As illustrated in FIG. 1, an ice making machine 10 according to an embodiment of the present invention includes a water supply part, e.g., a fill cup 12 configured to receive water supplied to the ice making machine 10, a tray 5 having an inner space capable of accommodating water supplied through the fill cup 12, ejectors 3 and 4 configured to discharge ice formed in the tray 5, a motor 13 configured to rotate an ejector shaft 3, a heater 15 (see FIGS. 2A, 2B and 3) configured to apply heat to the tray 5 to facilitate discharge of ice from the tray 5, an ice bank 7 configured to store ice discharged from the tray 5 by the ejectors 3 and 4, an ice discharge guide 8 configured to guide the ice discharged from the tray 5 to the ice bank 7, a controller 14 configured to control operations of the motor 13 and the heater 15, a control box 1 configured to accommodate the motor 13 and the controller 14, and a mounting and engaging part 11 having a hole through which a screw and the like for installing the ice making machine in a refrigerator (not illustrated) passes.

Water flowing through a pipe P from a water supply source, e.g., a water faucet, outside a refrigerator or a water supply source provided inside a refrigerator, e.g., a refrigerator compartment, is supplied to the fill cup 12. An inner portion of the fill cup 12 is connected to the inner space of the tray 5, and water supplied to the fill cup 12 flows from one end portion of the tray 5, i.e., an end portion to which the fill cup 12 is attached, to the other end portion such that the inner space of the tray 5 divided by a partition 9 is filled with the water up to a predetermined height. The fill cup 12 is manufactured with resin, which is a type of resin that withstands low temperature well. Also, as described below, the fill cup 12 may be formed of the same type of resin as that of a second case 5b (see FIGS. 2A, 2B, 3A and 3B) of the tray 5 and, when the second case 5b is insert-injected to a first case 5a, the fill cup 12 may be integrally injected and formed with the second case 5b. Such a manufacturing method simplifies a manufacturing process of the ice making machine 10.

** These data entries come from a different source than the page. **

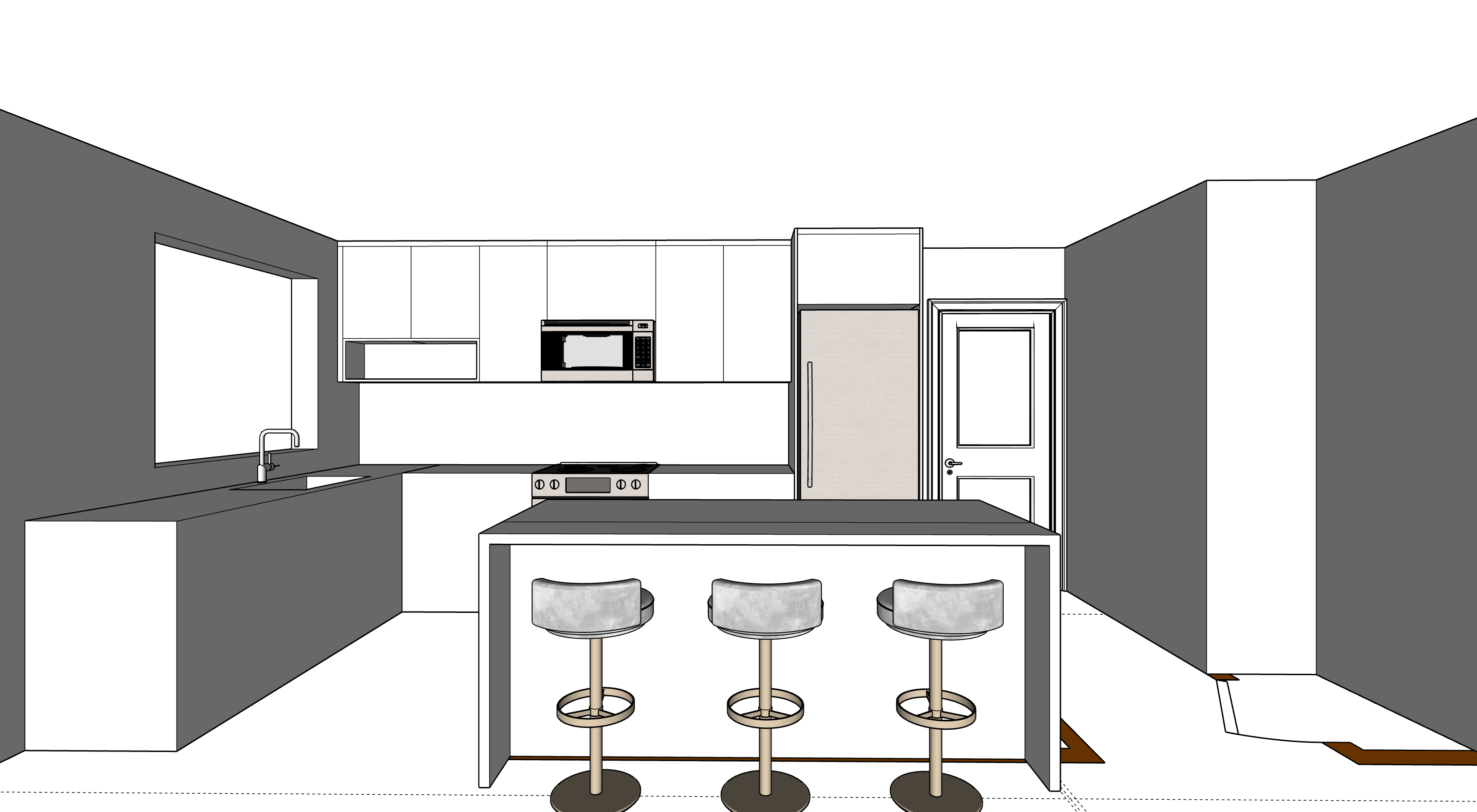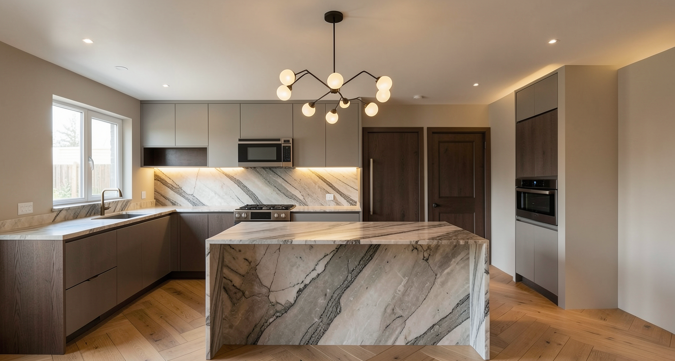 overall aesthetic warm contemporary minimalism everything is texture and proportion cabinetry base cabinet flat front handle less doors throughout dark brown shinoki oak upper cabinet warm taupe greige tone not grey not brown somewhere between open shelf at the left of the stove has the wood colour same as the base cabinet stone countertop dramatic bookmatched or large format slab grey cream marble with heavy movement island has a waterfall edge with thick profile same stone used for backsplash on the stove wall sink side does not have stone backsplash flooring wide plank herringbone hardwood warm honey light oak tone matte finish medium width planks fixtures square angular matte bronze or gunmetal faucet minimal spout 90 geometry appliance is stainless steel lighting sculptural pendant branching arm in dark bronze black with opal globe shades in varying sizes artistic not symmetrical subtle under cabinet or recessed puck lighting on perimeter wall warm glow on backsplash color palette for rendering cabinetry warm greige ncs s 5010 y50r or benjamin moore rockport gray range floor warm light oak metal dark bronze antique brass matte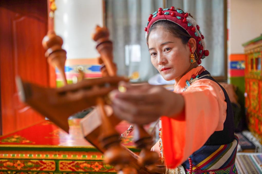 堆諧排練前,格桑卓瑪在家中為扎木念調音(8月4日攝)。新華社記者 邵澤東 攝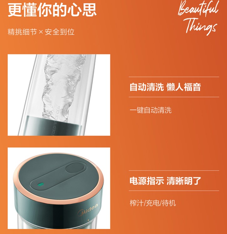 美的榨汁机小型便携式果汁杯电动家用多功能迷你充电式炸汁随行杯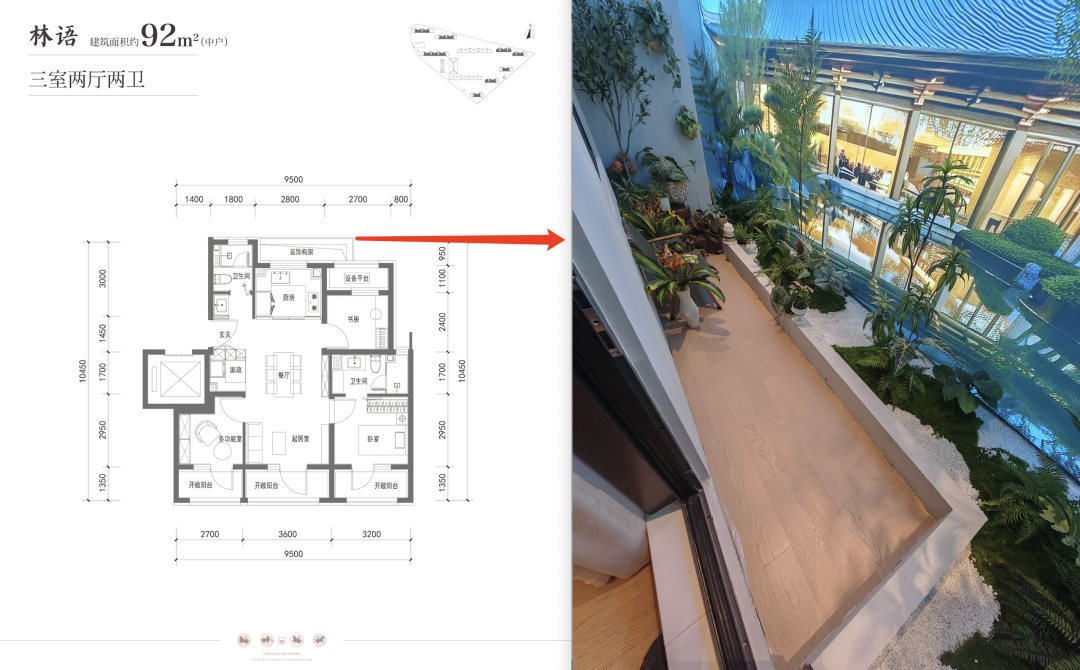 其次,他在产品上敢于突破,那个“装饰构架”改出来的北向阳台,虽然只有4㎡,但能在新盘得房率普遍超90%的局面下再出花活,把“好房子”政策用到了极致。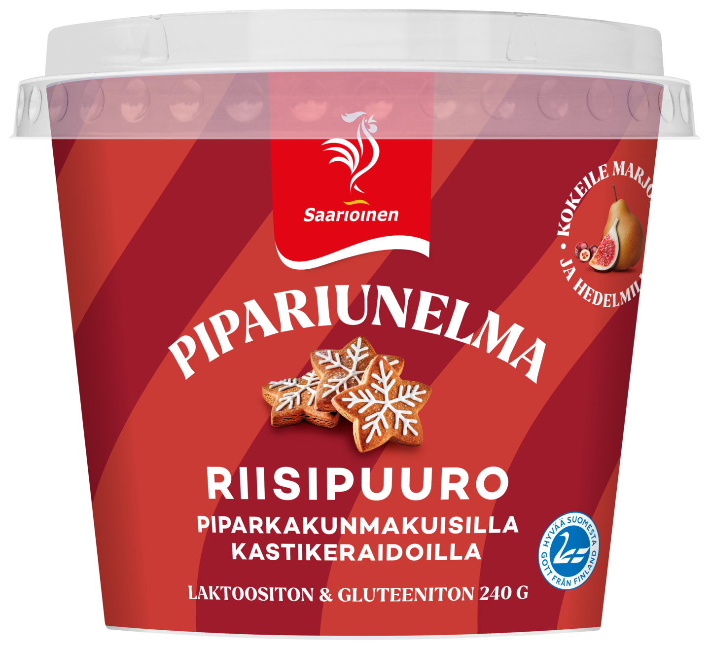 Pipariunelma on jokaisen nautiskelijan unelma. Se on ihanan täyteläinen ja pehmeä riisipuuro, jonka täydensimme herkullisilla piparikastikeraidoilla. Samettisessa piparikastikkeessa maistuu aidot piparkakun maut: kaneli, neilikka ja inkivääri. Nauti Pipariunelma, kun kaipaat herkutteluhetkeä. Moni hyvä asia alkaa unelmasta – nauti omasta herkkuhetkestäsi. Saarioinen on Suomen luotetuin valmisruokamerkki.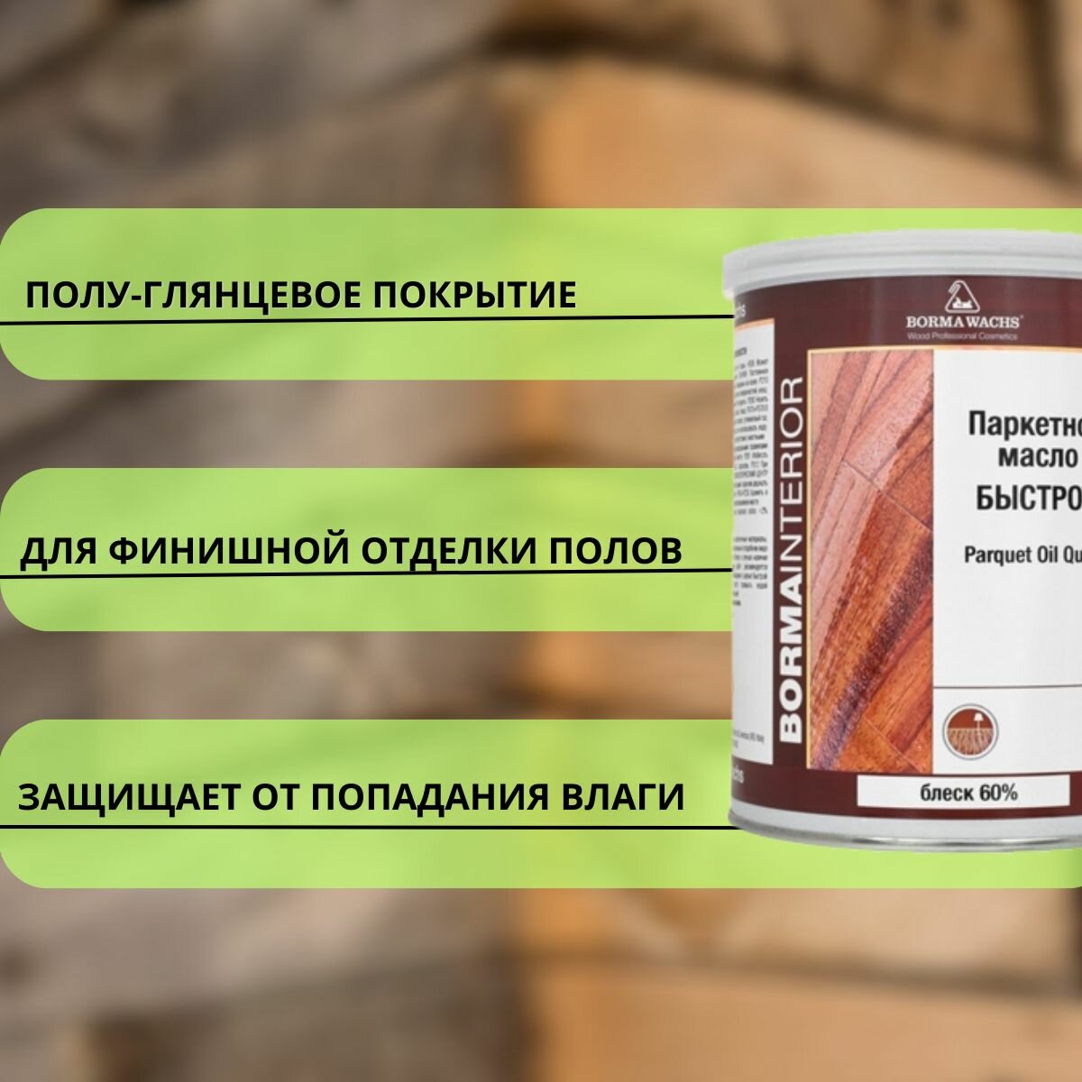 Масло для паркета блеск 60% BORMA PARQUET OIL 1л 4951-60 информация:

The tray 5 accommodates water supplied from the outside, e.g., water supplied through the fill cup 12, in the inner space. The inner space of the tray 5 is divided by a plurality of partitions 9 that intersect a longitudinal direction of the tray 5. Each of the divided inner spaces of the tray 5 corresponds to an ejector pin 4. Cold air in the refrigerator is provided to the tray 5, and water filled in the inner space of the tray 5 is frozen into ice. The heater 15 configured to apply heat to the tray when ice is separated therefrom is provided to the tray 5. The fill cup 12 is formed at one end portion of the tray 5, and the control box 1 is formed at the other end portion thereof. Also, the mounting and engaging part 11 through which an engaging member, e.g., a screw, passes when the ice making machine 10 is installed in the refrigerator is formed at a wall portion parallel to the longitudinal direction of the tray 5. The ice discharge guide 8 configured to guide ice to the ice bank 7 when ice is separated from the tray 5 is formed at a wall portion facing the wall portion at which the mounting and engaging part 11 is formed.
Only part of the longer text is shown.